▸ PROMPT: Write the data out in full and word for word. Do not include images.

▸ PROVIDED MATERIAL:
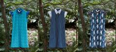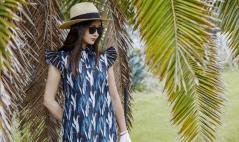 左:プリントストレッチUVドレス"GEO"/28,000円+税
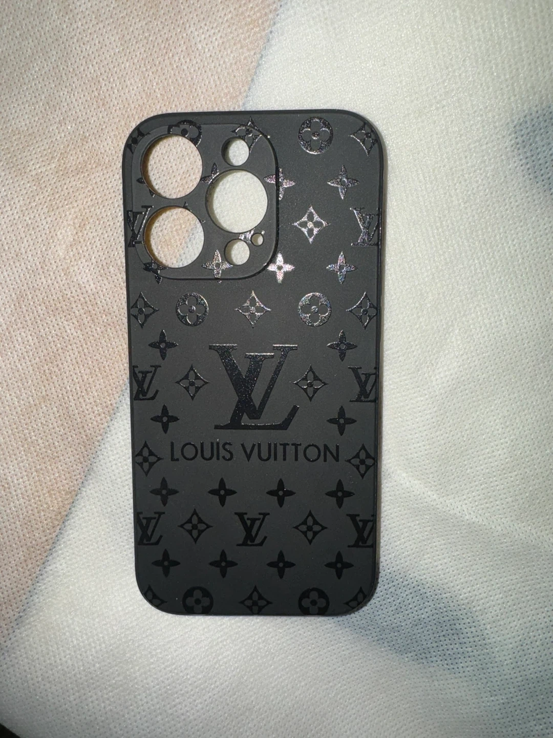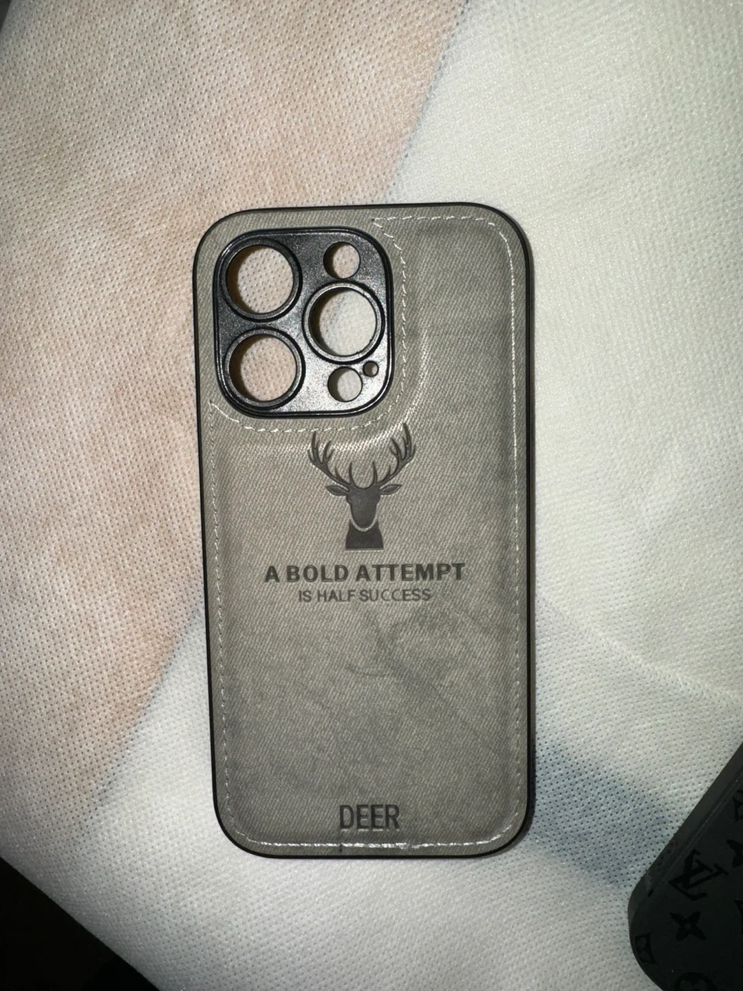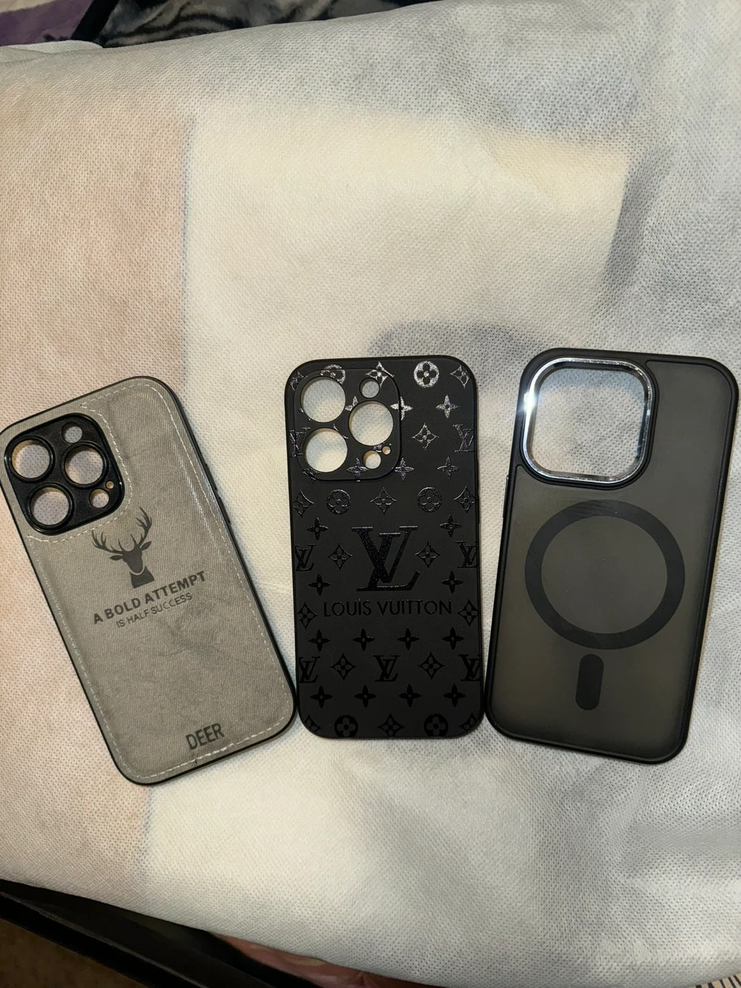 Includes a grey faux leather case with deer graphic and quote, a black Louis Vuitton-style case, and a clear MagSafe compatible case. Protect your phone with these stylish options!
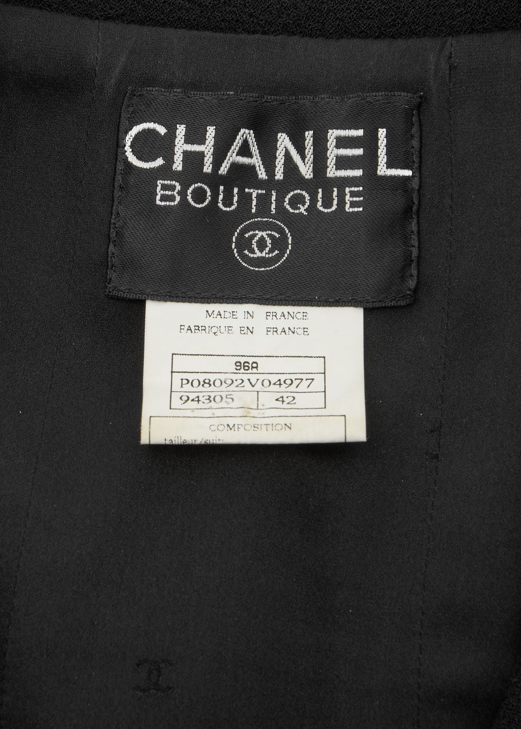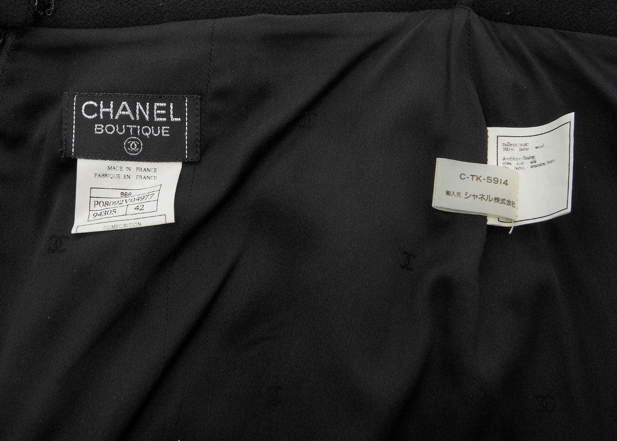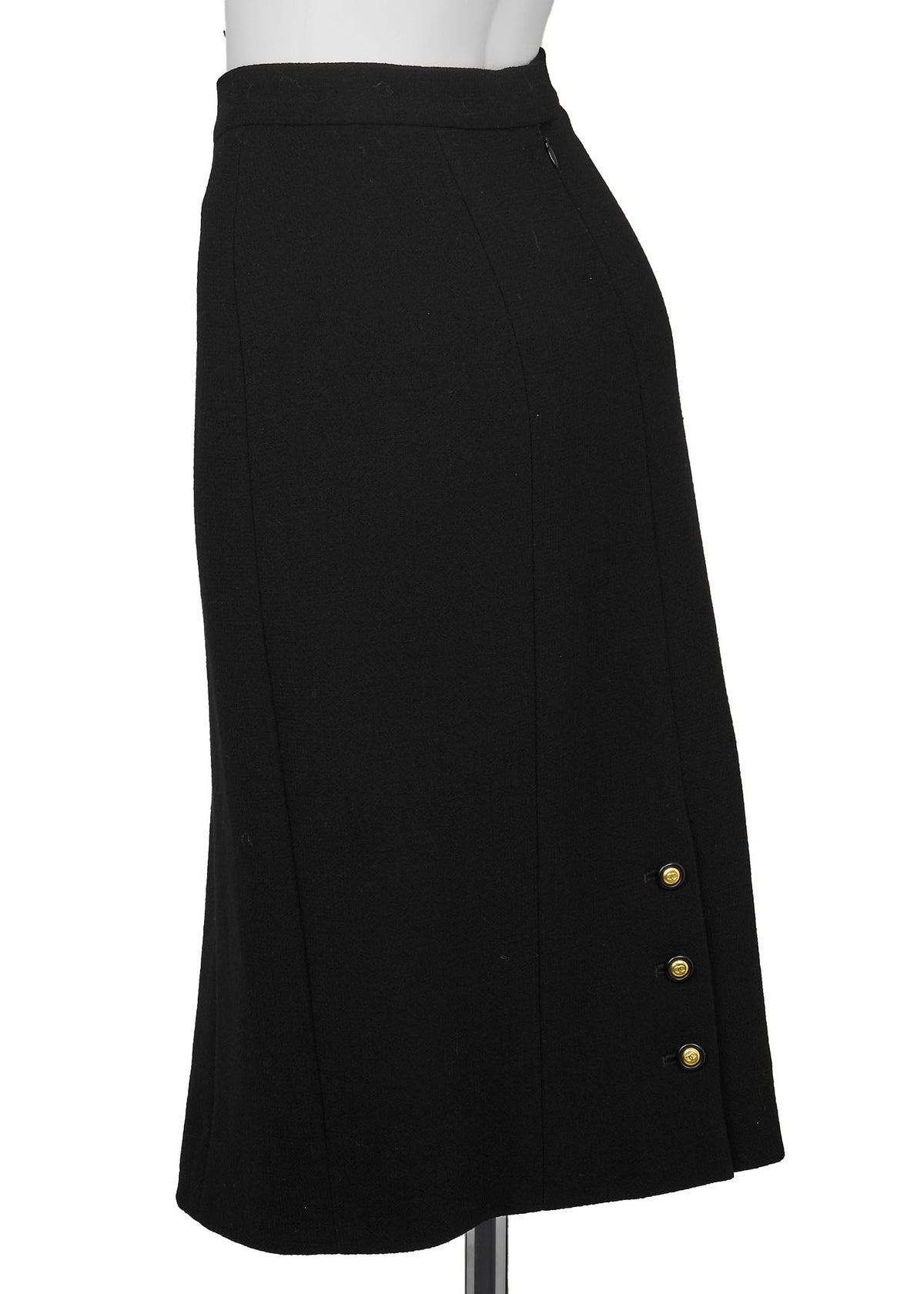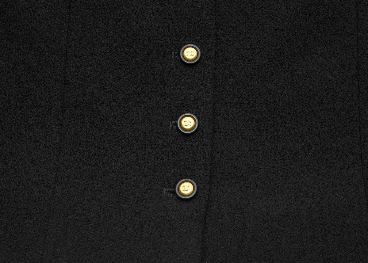 Werten Sie Ihre Garderobe mit dem CHANEL Coco Button Jacket Skirt Set Up 42 auf , einem atemberaubenden Ensemble, das Eleganz und Raffinesse verkörpert. Gefertigt aus 100 % hochwertiger Wolle bietet dieses Set höchsten Komfort und ein luxuriöses Tragegefühl.

▸ WRITTEN REPLY:
 左:プリントストレッチUVドレス"GEO"/28,000円+税
 Includes a grey faux leather case with deer graphic and quote, a black Louis Vuitton-style case, and a clear MagSafe compatible case. Protect your phone with these stylish options!
 Werten Sie Ihre Garderobe mit dem CHANEL Coco Button Jacket Skirt Set Up 42 auf , einem atemberaubenden Ensemble, das Eleganz und Raffinesse verkörpert. Gefertigt aus 100 % hochwertiger Wolle bietet dieses Set höchsten Komfort und ein luxuriöses Tragegefühl.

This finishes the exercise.